Among the many stressful things in military life is watching everything you own get wrapped, boxed, packed and put on a truck, followed by watching it get delivered and unpacked while you hope little is broken and nothing is missing. And at the center of this military move process are teams of people you've likely never met before doing the work. Will they treat your belongings kindly? Will they steal your items? Do they even care at all? Those were the questions that drove Army veterans and military spouses Wendy Way and Isabel Garcia Schmitt to create their own military packer and unloader company, LOGSA Mil Moves. Known as "agents" within the moving industry, the quality of work done by those teams makes a huge difference on how your move goes.
Way and Schmitt have learned a lot about making moves go smoothly for military family members like themselves. They joined PCS with Military.com to share their best tips. Here's some of what they said.
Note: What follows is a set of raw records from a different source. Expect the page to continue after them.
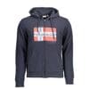 long-sleeved sweatshirt with hood, central pocket, print, logo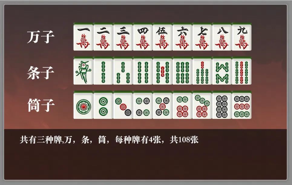 牌型: 包含万、筒、条三种花色,每种花色从1到9各4张。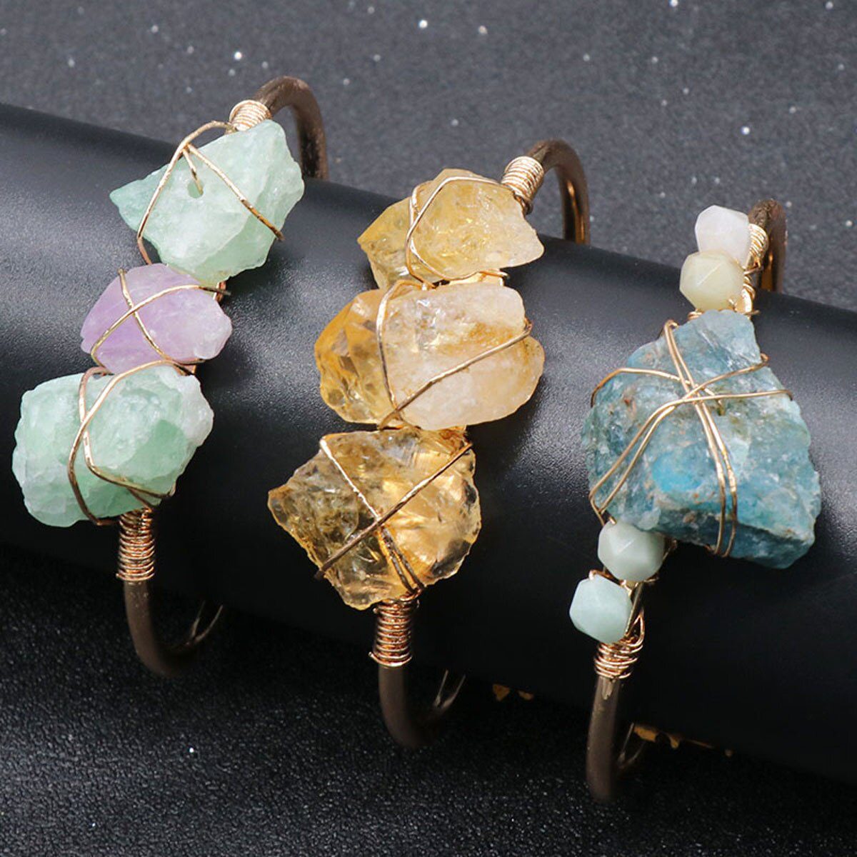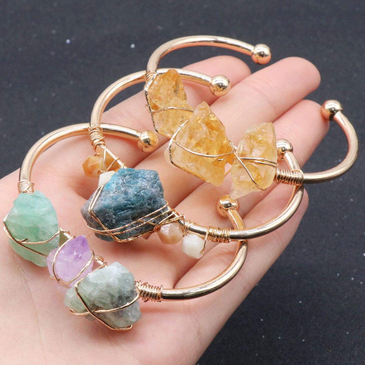 Crafted from a harmonious blend of natural stones, Citrine, Apatite, and Agate, these bangles resonate with the essence of growth, clarity, and balance. The vivid hues of Citrine inspire optimism and creativity, Apatite's serene energy fosters communication and insight, while Agate offers stability and harmony.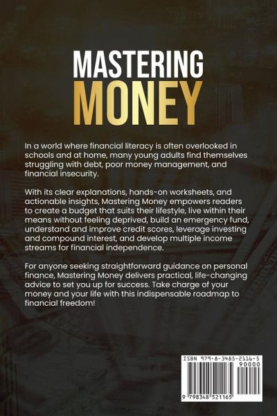 In a world where financial literacy is often overlooked in schools and at home, many young adults find themselves struggling with debt, poor money management, and financial insecurity.In a world where financial literacy is often overlooked in schools and at home, many young adults find themselves struggling with debt, poor money management, and financial insecurity. Mastering Money is the essential guide to breaking free from financial stress and building a secure future. Drawing from personal experiences and real-world financial principles, readers are walked through the fundamental skills needed to manage money wisely-from budgeting and mindful spending to debt management, credit scores, and investing for the future. Whether you're just starting out in your career, trying to pay off debt, or preparing for retirement, this book provides practical strategies and step-by-step exercises to help you create a solid financial foundation. With clear explanations, hands-on worksheets, and actionable insights, Mastering Money empowers readers to: ✅ Create a budget that works for their lifestyle ✅ Live within their means without feeling deprived ✅ Build an emergency fund and avoid debt traps ✅ Understand credit scores and how to improve them ✅ Leverage the power of investing and compound interest ✅ Develop multiple income streams for financial independence If you've ever wished for a straightforward guide to mastering personal finance, this is the book for you. No complex jargon, no unrealistic promises-just practical, life-changing financial advice that will set you up for success. Take charge of your money. Take charge of your life. Mastering Money is your roadmap to financial freedom!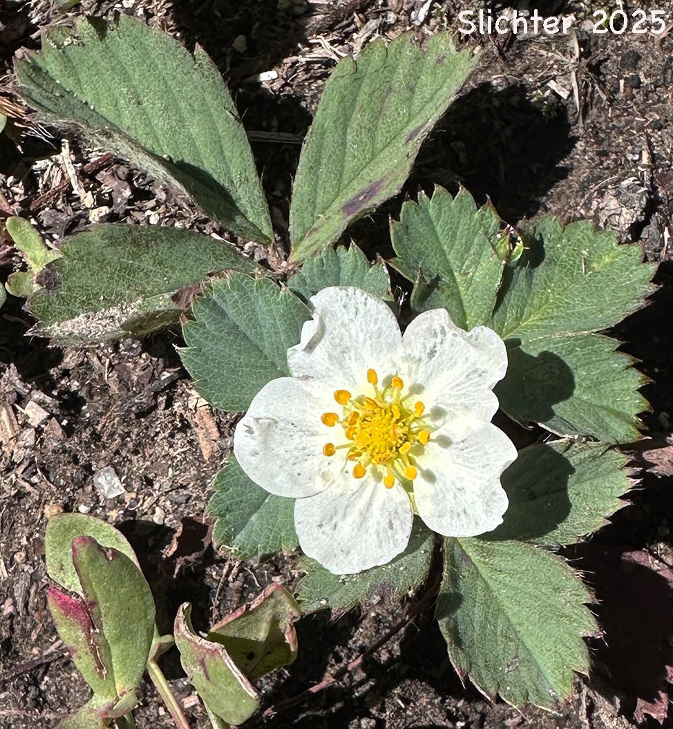 Broad-petal strawberry reblooming at left along the Craggy Peak Trail #3 about one-half mile south of the junction with the Boundary Trail #1, Dark Divide, Gifford Pinchot National Forest.........August 25, 2015. The image at right shows broad-petal strawberry blooming along the Surveyor's Ridge Trail #688 northwest of Gibson Prairie Horse Camp, Mount Hood National Forest.....June 11, 2024.
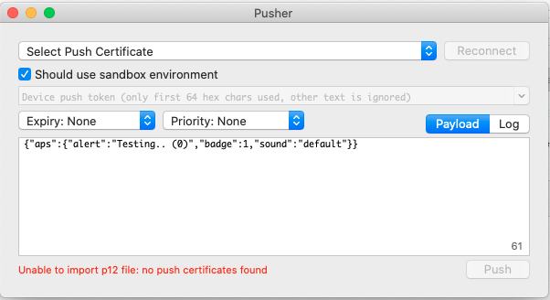 我试图使用推送通知调试工具,发现它需要导入证书。我导出了企业概要文件的p12文件。在Xcode中,我可以看到在这个企业配置文件下启用了推送通知。但是,当我导入这个调试器工具时,我面临的问题是没有找到推送证书。此“推送证书”与启用推送通知的分发证书不同吗?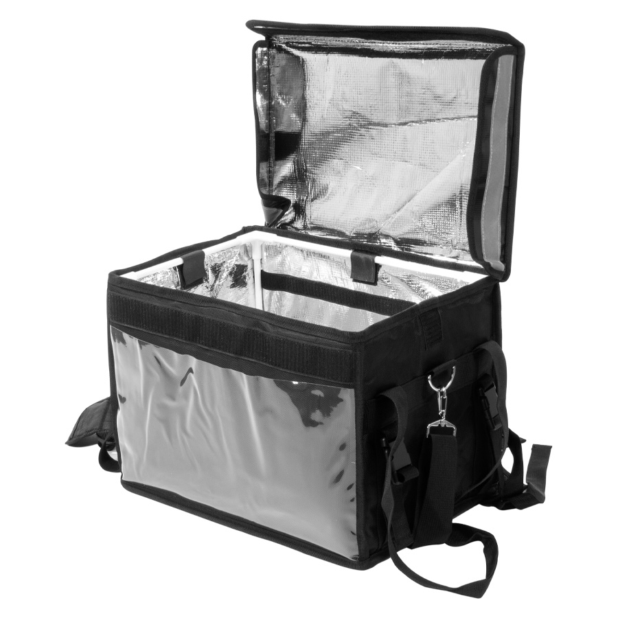 El más completo bolso-mochila para Delivery con capacidad de 31 litros. Interior aislante térmico y esqueleto plástico para mantener la estructura del bolso. Incluye bandejas para división interior, espuma sólida para el transporte de 4 latas, vasos o botellas, y bandas reflectantes para visibilidad nocturna. Puedes transportarlo tanto de mochila como en la parrilla trasera de tu moto o bicicleta!!

Avoid feeding and never tip your movers. It might come as a surprise to most military families, but beyond providing water and drinks, Way and Schmitt discourage anyone from feeding their moving crew and say absolutely no cash tips. Either action, they said, creates unreasonable expectations and, worse, sets the stage for financial inequity.
"Oftentimes that tip is sometimes correlated with the quality of service, which is sometimes correlated with the [military] rank of the move, and that's not what we want. We want every service member to receive the same move. We want to have a standard and we want to stick with that standard, and we don't want it to be tied to some benefit that's expected, or we don't want moves that go awry because something wasn't received," Schmitt said.
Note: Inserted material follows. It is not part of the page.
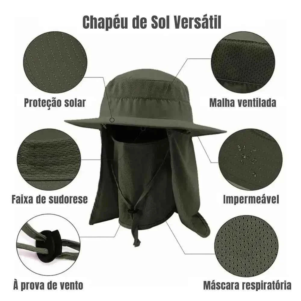 O Chapéu de Sol Camping & Pesca Caqui é perfeito para quem busca proteção, conforto e praticidade em aventuras ao ar livre. Com proteção solar UV50+, bloqueia os raios nocivos, evitando queimaduras e envelhecimento precoce. Produzido em nylon 100% de secagem rápida, mantém a cabeça fresca e seca até nos dias mais quentes. Leve, dobrável e fácil de transportar, é o acessório indispensável para pesca, trilhas, camping ou até uso urbano.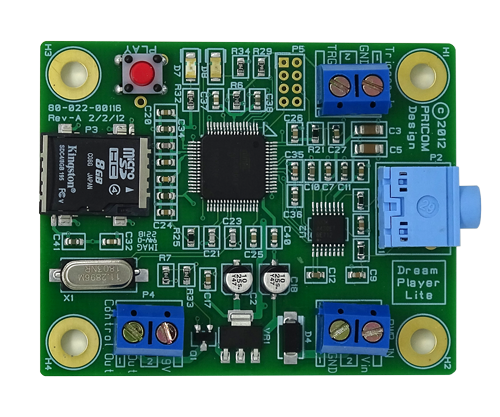 The LITE is the smallest audio playback device in the Dream Player Family. The LITE can be triggered via buttons, motion sensors, etc... All playback settings are stored on the SD Card and may be customized to your specific situation. A unique feature of the LITE is its low power consumption, which gives you the ability to easily run the player off a battery.

The same is true for providing lunch or dinner, she said.
"It's not encouraged," she said. "You're setting up these unfair conditions for that Private family, that Specialist family, that 2nd Lieutenant family. You may be setting them up for failure if you're providing something that another military family isn't able to provide."
Just because one packing crew did something doesn't mean another one will. Because there aren't many hard-and-fast rules from the Defense Department around what the pack-out crew can and cannot do in your home, it can be hard to have accurate packing-day expectations, said Way. That means you need to remember that while one crew may do something like remove a TV from your wall for you, another might know doing that puts too much liability risk on their company. Over-communicating with your crew and understanding your rights are key, she said.
"I think my biggest surprise when getting into this industry ... [was] when I kept asking, 'Where is the regulation? Where is the standard?' Because there actually is no standard," she said.
Remember many people are dealing with your move. While door-to-door moves are nice, they are rare, Way and Schmitt said. That means that the team that packs your belongings in North Carolina, for example, won't be there to unpack them when they arrive in California, and the person driving them may not be the same person who delivers them.
That means only communicating by word of mouth isn't the best method, they said. Instead, document everything.
"That crew that you are communicating with may not be able to just, by virtue of them being in North Carolina and the unpack could be in California, be able to pass on that information," said Schmitt. "Excluding the door-to-door, your move may be touched by four different entities or more between the time it's packed at your home and then it's unpacked at your new location."
"The most important of all is communication drives everything," Way said. "Communicate, communicate, communicate."